Below we summarize a list of questions or incorrect statements that many users are confused of.
Not really. BytePS uses share memory in a similar way as NCCL, and BytePS copies the data for as many times as NCCL. In addition, both BytePS and NCCL use tensor partition/segmentation internally, which hides most of the copying delay.
I would consider BytePS and NCCL are both close to their theoretical optimal based on their communication patterns.
BytePS has a better performance because it has a hierarchical strategy, i.e., local reduce followed by inter-machine transfers?
Hierarchical strategy does help a bit. However, it is not as fundamental as the PS communication pattern. Consider the following example:
You have N worker machines connected to the same network switch, and each worker has only 1 GPU. In this case, the topology is flat -- no hierarchy at all. In this case, you'll find the analysis in rationale.md still applies. PS communication pattern has less traffic volume from worker's stand point of view.
Not really.
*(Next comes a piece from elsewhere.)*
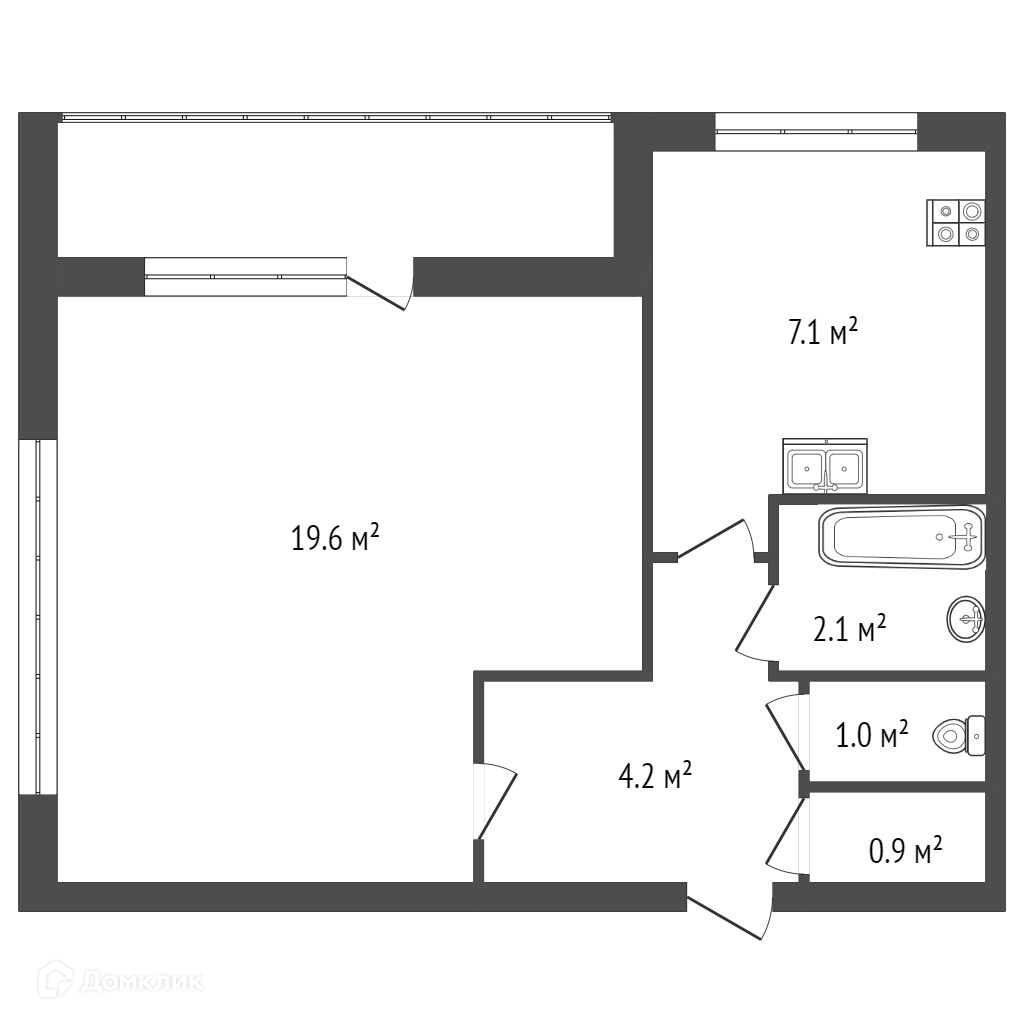 Общая площадь 34 м2

Consider the above flat N-worker example again. No matter with which allreduce strategy, the conclusion of PS vs. allreduce does not change.
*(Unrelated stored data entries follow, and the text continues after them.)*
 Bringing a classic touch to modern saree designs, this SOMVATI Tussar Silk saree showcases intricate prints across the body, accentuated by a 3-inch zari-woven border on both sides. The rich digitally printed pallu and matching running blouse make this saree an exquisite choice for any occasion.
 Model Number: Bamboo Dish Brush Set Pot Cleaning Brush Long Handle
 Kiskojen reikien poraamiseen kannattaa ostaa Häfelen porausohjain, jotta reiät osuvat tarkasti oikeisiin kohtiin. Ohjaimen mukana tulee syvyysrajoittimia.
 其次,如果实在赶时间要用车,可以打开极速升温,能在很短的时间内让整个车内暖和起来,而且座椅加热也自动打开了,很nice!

Okay, I get that PS has less traffic from workers. But, PS Push and Pull are not duplex, and waste half bandwidth?
BytePS does not have this problem. It can fully utilize bi-direction network bandwidth. The key ideas are tensor partitioning and pipelining. For example, you have a 100MB tensor to be pushed and pulled. Inside BytePS, we will partition the tensor into small pieces. After pushing the first piece, we will start pulling the first piece. At the same time, we will start pushing the second piece. And so on. For most of the time except the first piece and the last piece, the bi-directional bandwidth is fully utilized.
There are indeed specialized physical server designs doing that. Unfortunately, cloud or shared clusters usually prefer not do this. This is because, as a matter of fact, many training jobs are not distributed. For these jobs, users want the GPUs to be deployed as dense as possible and the network bandwidth requirement is low.
If you are building your own cluster for a single dedicated distributed training job, of course you can go with the HPC route, carefully calculate the best ratio between GPUs and NICs, build a homogeneous cluster and use allreduce. However, please realize that cloud and shared clusters are not HPC. This is the whole point of BytePS.
Does PS architecture impose heavier cross rack traffic, and may be impacted by physical network over-subscription ratio?
This is true. For a large job that workers and PS cannot fit side a rack, PS does have more cross-rack traffic.
However, the comparison with allreduce in real life is more complicated. It depends on how well you can control the physical job placement and allreduce rings. If you don't have the full control of placement, or your MPI/NCCL rank assignment is not physical network topology-aware, allreduce would face the exactly same problem. NCCL and most MPIs today are unaware of physical network topology, unless specifically designed for a given HPC.
Don't be scared of the oversubscription ratio. It exists for a reason -- usually, not all servers in a rack are simultaneously busy on networking. Multiple researches from major cloud providers show that the average bandwidth utilization is low. Remember, this is a shared cluster, not everyone is running distributed training.
With BytePS, we want to share two key insights --
- Cloud, either public or private, is different from HPC. Using ideas from HPC is a shortcut, but not optimal.
- In a (public or private) cloud, PS architecture is theoretically better than allreduce, with minimal additional costs.
BytePS is a realization of the idea.